The Food and Drug Administration is reminding doctors and patients that Primatene Mist, the only nonprescription asthma inhaler in the United States, can no longer be sold or prescribed after December 31.   Asthma patients are urged to get prescriptions for alternative medications, since this treatment option runs out at the end of the year, the FDA said Thursday.

Well, that’s going to add to people’s health care costs.  Why?
Primatene Mist, an epinephrine inhaler, made by Armstrong Pharmaceutical Inc., contains chlorofluorocarbons, a chemical known to deplete the ozone layer.   After the United States signed an international agreement - The Montreal Protocol on Substances that Deplete the Ozone Layer - to phase-out the compounds, the FDA announced in 2008,  that these inhalers could not be made or sold in 2012.
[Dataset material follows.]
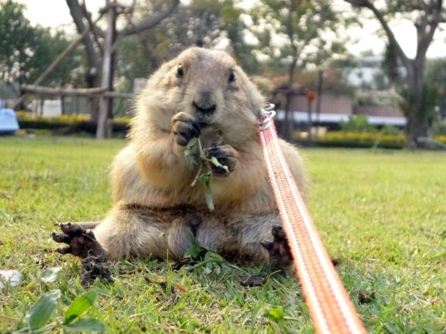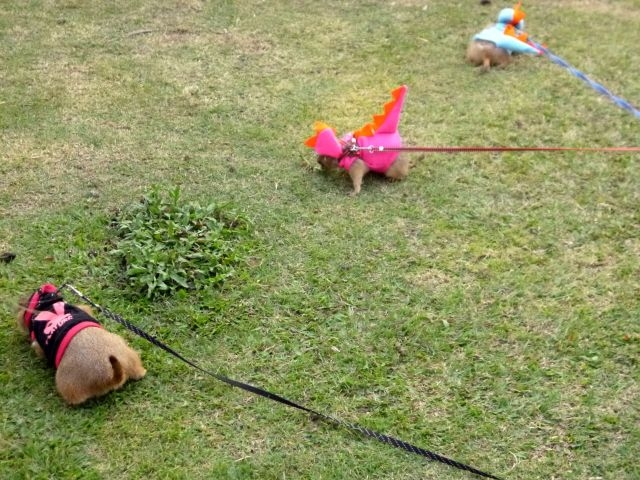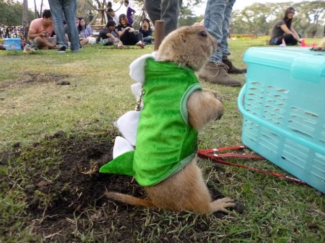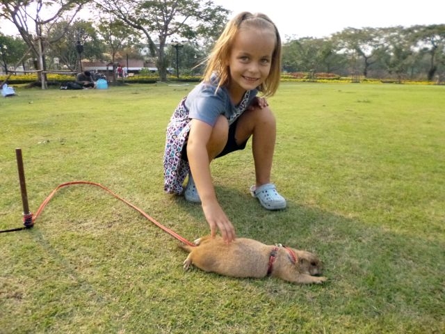 Schlussendlich kamen wir am Busbahnhof an, kauften die Tickets und machten uns auf den Rückweg. Dabei legten wir noch einen Abstecher zu einem Kinder-Mit-Mach-Museum (wer die korrekte Schreibweise kennt, kann sich ja mal melden) am Rande des Parks ein. Das Museum war allerdings geschlossen…vermutlich schon seit Jahren. Dennoch war der Weg für die Kinder nicht gänzlich umsonst, denn direkt neben dem Eingang krabbelten possierliche Nager angeleint und verkleidet (!) über den gemähten Rasen. Wir dachten im ersten Moment, dass man hier für kleines Geld mit den Tieren spazieren gehen kann und sich deshalb eine kichernde Menschentraube bei den pelzigen Gesellen gebildet hat. Stattdessen wurden wir zufällig Zeugen eines Treffens von Murmeltier-Liebhabern, die ihre Haustiere gerne als Rotkäppchen, Drache, Godzilla oder Superheld verkleiden.
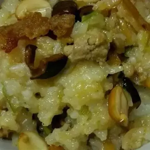 1.将花生仁放进容器中,加沸水(略放盐少许)泡10分钟后剥皮,投入六成热的油锅中炸至熟脆捞出,待冷却后将它碾成碎末。另将比目鱼干剔尽骨刺,也用(七成)热的油锅炸酥捞出,斩成细末待用。

Good grief.  Do we really have to take away people’s medicine? The answer, it seems to me, is whether there is an effective alternative that won’t cost asthmatics a lot of extra money.  From what I can tell from the story, there isn’t:
The FDA says a number of manufacturers have already replaced their CFC inhalers with a propellant called hydrofluoroalkane  or HFA, which is more environment-friendly, but there’s currently no HFA version of an epinephrine inhaler available. Epinephrine is a hormone that’s used to treat life-threatening allergic reactions. It opens up the airways in the lungs and allows patients to breathe more easily.

Most of the ozone problem was solved by changing the rules for air conditioners, refrigerators, and the like. Unless there is a similarly priced and equally efficacious alternative, let people keep their medicine.  Their health is far more important than the miniscule threat that this asthma inhaler might pose to the atmosphere.